Task statement – Exactly the lines below, starting with the one containing "周五欧市盘中,现货白银报23.196,涨幅1.36%。" and going on through the one containing "Winter Break: ROWUSD", must be reproduced, both ends included, and no pictures with them.

Data for the task –
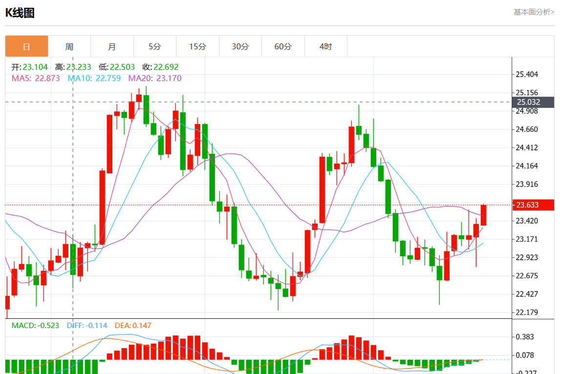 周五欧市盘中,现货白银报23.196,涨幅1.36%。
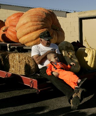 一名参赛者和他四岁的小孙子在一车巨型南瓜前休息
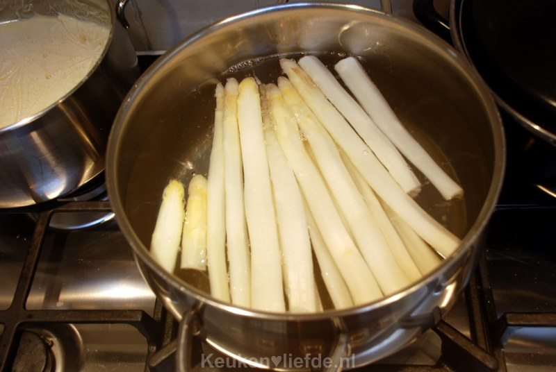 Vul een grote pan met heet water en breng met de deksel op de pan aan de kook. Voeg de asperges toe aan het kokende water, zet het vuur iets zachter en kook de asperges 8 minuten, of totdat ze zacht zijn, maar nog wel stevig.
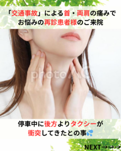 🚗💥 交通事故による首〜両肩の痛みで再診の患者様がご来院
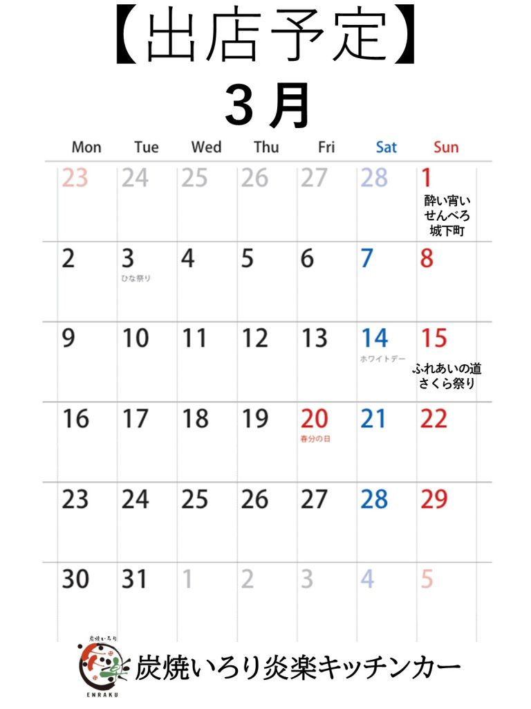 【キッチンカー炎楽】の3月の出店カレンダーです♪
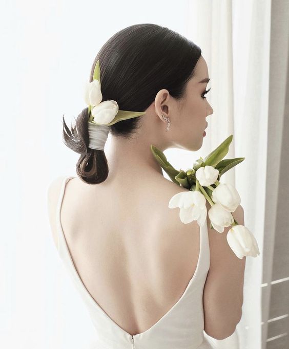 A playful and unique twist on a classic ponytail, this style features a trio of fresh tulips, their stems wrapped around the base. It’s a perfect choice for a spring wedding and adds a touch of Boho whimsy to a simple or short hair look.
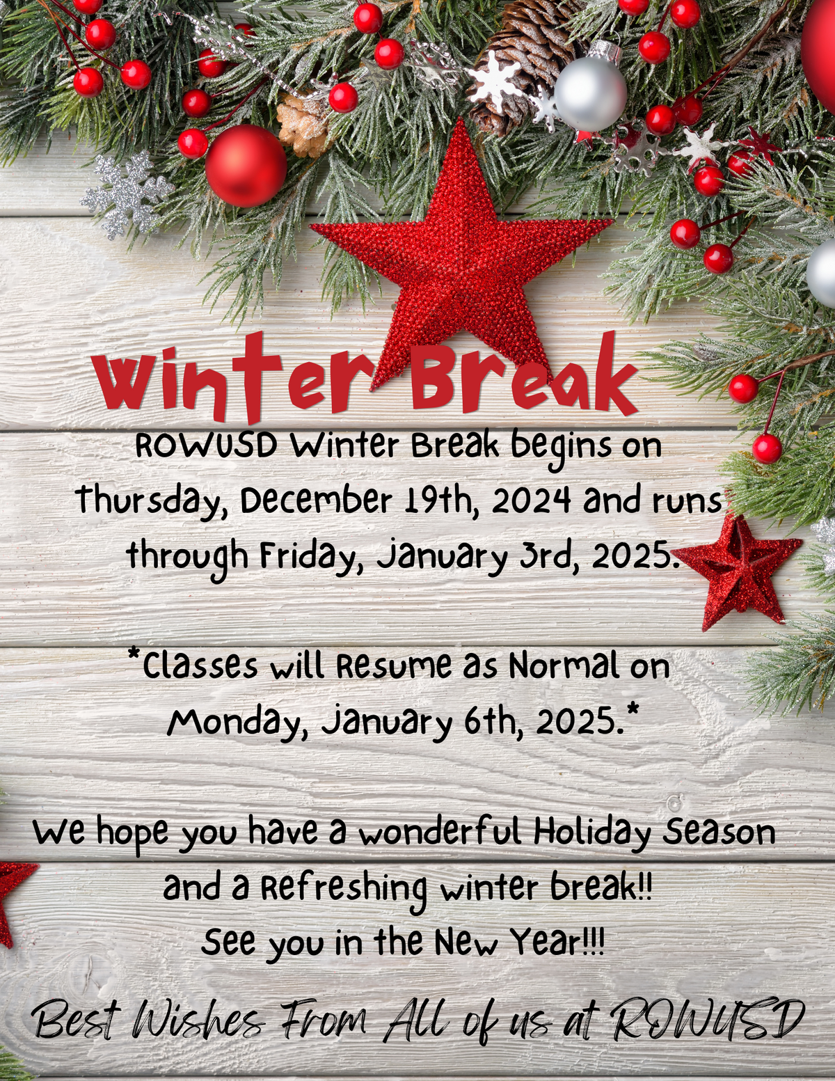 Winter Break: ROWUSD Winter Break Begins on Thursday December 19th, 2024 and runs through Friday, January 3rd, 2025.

...

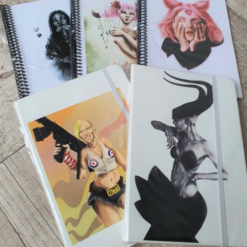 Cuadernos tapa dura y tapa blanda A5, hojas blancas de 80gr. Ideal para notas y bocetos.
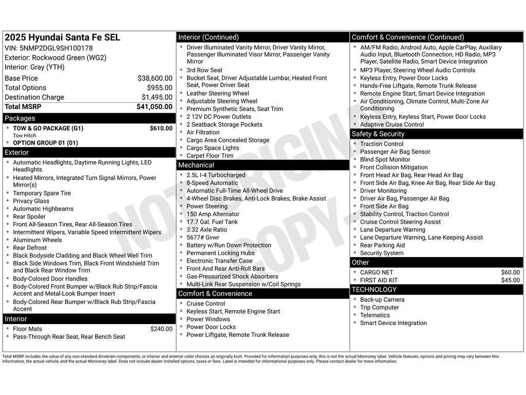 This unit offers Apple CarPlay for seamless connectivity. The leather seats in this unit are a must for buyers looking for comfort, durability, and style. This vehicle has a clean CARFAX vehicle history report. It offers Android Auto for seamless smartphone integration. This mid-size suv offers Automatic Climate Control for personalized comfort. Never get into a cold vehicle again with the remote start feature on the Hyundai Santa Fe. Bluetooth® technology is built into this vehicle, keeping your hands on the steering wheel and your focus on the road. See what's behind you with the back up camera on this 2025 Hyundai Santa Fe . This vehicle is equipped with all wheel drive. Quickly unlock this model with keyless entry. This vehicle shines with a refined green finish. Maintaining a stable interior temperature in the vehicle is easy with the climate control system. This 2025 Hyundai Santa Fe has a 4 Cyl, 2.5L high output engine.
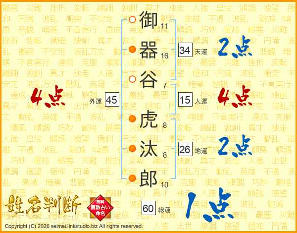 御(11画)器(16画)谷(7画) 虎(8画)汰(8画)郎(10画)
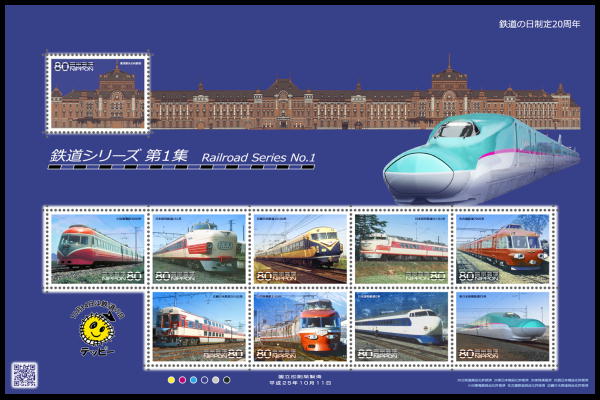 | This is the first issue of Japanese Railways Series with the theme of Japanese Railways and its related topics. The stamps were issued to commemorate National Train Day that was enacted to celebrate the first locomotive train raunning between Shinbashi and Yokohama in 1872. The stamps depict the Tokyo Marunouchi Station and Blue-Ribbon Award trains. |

Response area –
 周五欧市盘中,现货白银报23.196,涨幅1.36%。
 一名参赛者和他四岁的小孙子在一车巨型南瓜前休息
 Vul een grote pan met heet water en breng met de deksel op de pan aan de kook. Voeg de asperges toe aan het kokende water, zet het vuur iets zachter en kook de asperges 8 minuten, of totdat ze zacht zijn, maar nog wel stevig.
 🚗💥 交通事故による首〜両肩の痛みで再診の患者様がご来院
 【キッチンカー炎楽】の3月の出店カレンダーです♪
 A playful and unique twist on a classic ponytail, this style features a trio of fresh tulips, their stems wrapped around the base. It’s a perfect choice for a spring wedding and adds a touch of Boho whimsy to a simple or short hair look.
 Winter Break: ROWUSD Winter Break Begins on Thursday December 19th, 2024 and runs through Friday, January 3rd, 2025.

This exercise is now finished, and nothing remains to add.